Déportation et exil des Acadiens et des Acadiennes

L'histoire des Français d'Acadie est l'histoire d'un enracinement (1604), d'une conquête (1710) et de la survie du groupe devenu minoritaire après le coup de 1755. Tant que nous étions utiles, on nous tolérait d'une telle manière; tant que nous n'étions plus utiles, on tolérait notre départ forcé. Des origines à nos jours, l'histoire de l'Acadie a une chronologie rassurante au tracé linéaire et impeccable.1 L'année 2005 marque le 250e anniversaire du coup de 1755. Huit ans de déportations (1755-1762) et d'exil ont marqué le peuple acadien pour toujours.

L'aperçu historique de cette période de déportations forcées a été appelé « Le Grand Dérangement » alors que12 000 personnes furent affectées par l'exil direct et trois quarts furent éparpillés dans les colonies anglo-américaines. Les autres connurent les prisons d'Halifax, de Londres, ou furent déportées en France. Il en resta peut-être 2 000 réparties depuis la rivière Ristigouche jusqu'à Canseau. Autant s'étaient réfugiées au Canada.2

Une épopée inspirée de l'histoire... un premier peuplement!

Il semble que c'est en 1847 que les Acadiens et les Acadiennes ont pu lire, pour la première fois, leur histoire à eux quand Evangeline or a tale of Acadie du poète américain Longfellow fut publiée à Boston. Le poème est inspiré de l'épisode historique de la déportation issue de Grand-Pré en 1755. Comme les épopées de tous les autres peuples de la terre, Évangéline a des fondements véritables bien que l'auteur, par licence poétique, les ait souvent déformés.

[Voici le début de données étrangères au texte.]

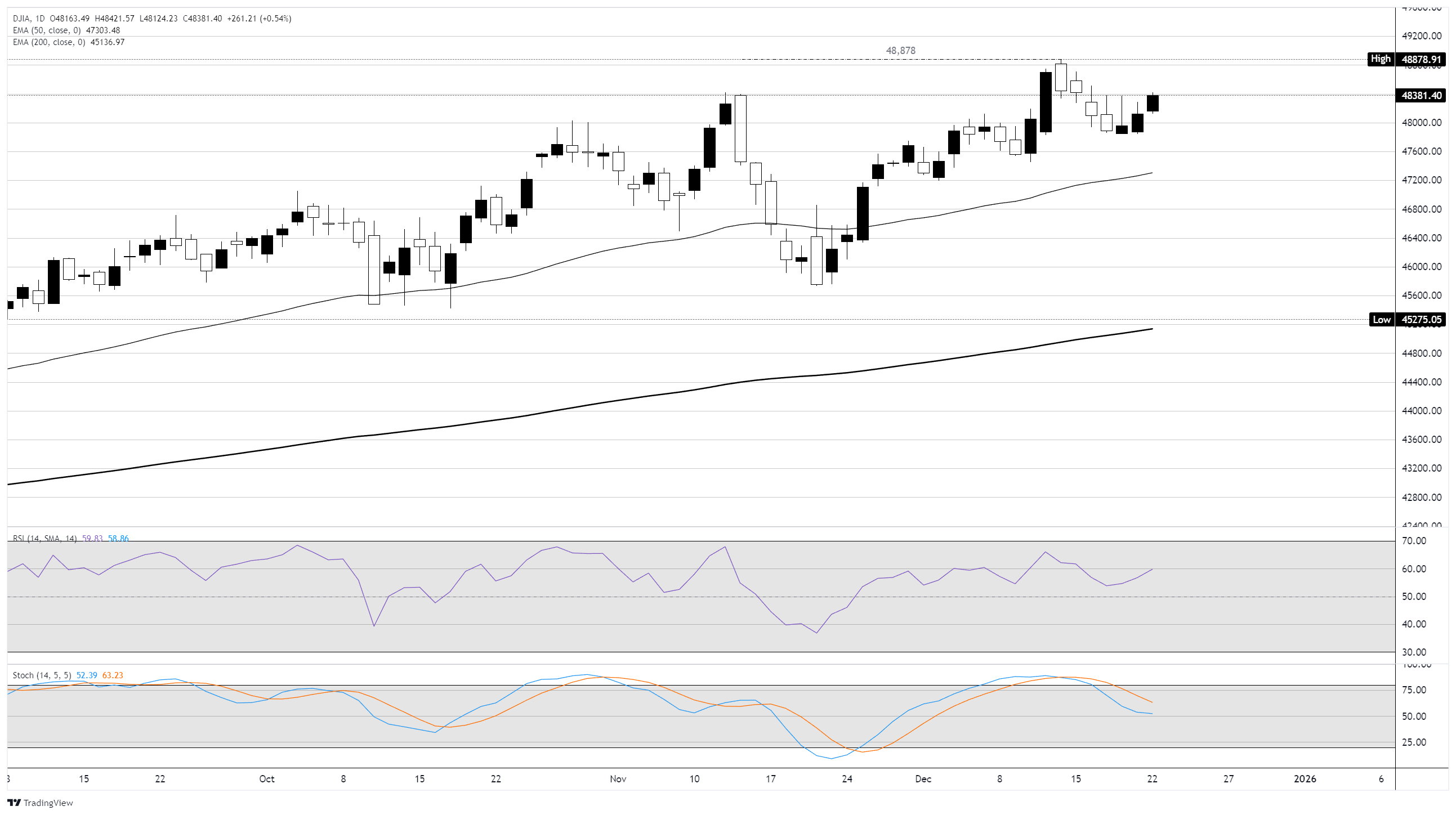 Chỉ số Dow Jones Industrial Average (DJIA) tăng điểm vào thứ Hai, bước vào kỳ nghỉ lễ Giáng sinh với tinh thần lạc quan khi thị trường chứng khoán chuyển sang xu hướng tăng giá để kết thúc năm giao dịch. Cổ phiếu liên quan đến lĩnh vực trí tuệ nhân tạo (AI) tăng điểm, với sự đóng góp mạnh mẽ từ cả lĩnh vực tài chính và vật liệu.

On l'a bien dit lors des célébrations du 400e : l'Acadie, c'est le premier peuplement permanent non amérindien de toute l'Amérique, au nord du Mexique. C'est aussi le premier peuple d’Amérique non amérindien à subir l'abandon de leur pays et une déportation massive à coups de baïonnettes. Les Acadiens et les Acadiennes sont, après les Amérindiens et les Amérindiennes, les premiers fondateurs de ce qu'est aujourd'hui le Canada. Beaucoup d'Acadiens et d’Acadiennes proviennent des régions historiques françaises du Poitou, de l'Aunis et de Saintonge et ces premiers Français se sont vite approprié le beau nom d'Acadiens, n'imaginant jamais que cette « terre promise » allait devenir l'un des épisodes les plus douloureux de toute l'histoire de l'Amérique, connu sous le nom de « le Grand Dérangement ».

Signes avant-coureurs

C'est durant la guerre de la Succession d'Espagne (1701-1714) que l'Acadie (la Nouvelle-Écosse péninsulaire) devint britannique en 1710. La France est tout à fait mécontente et c'est alors qu'elle va construire la forteresse de Louisbourgen 1720. Il y a désormais l'Acadie anglaise (Nouvelle-Écosse péninsulaire), l’Isle Royale et l’Isle Saint-Jean, territoires toujours français.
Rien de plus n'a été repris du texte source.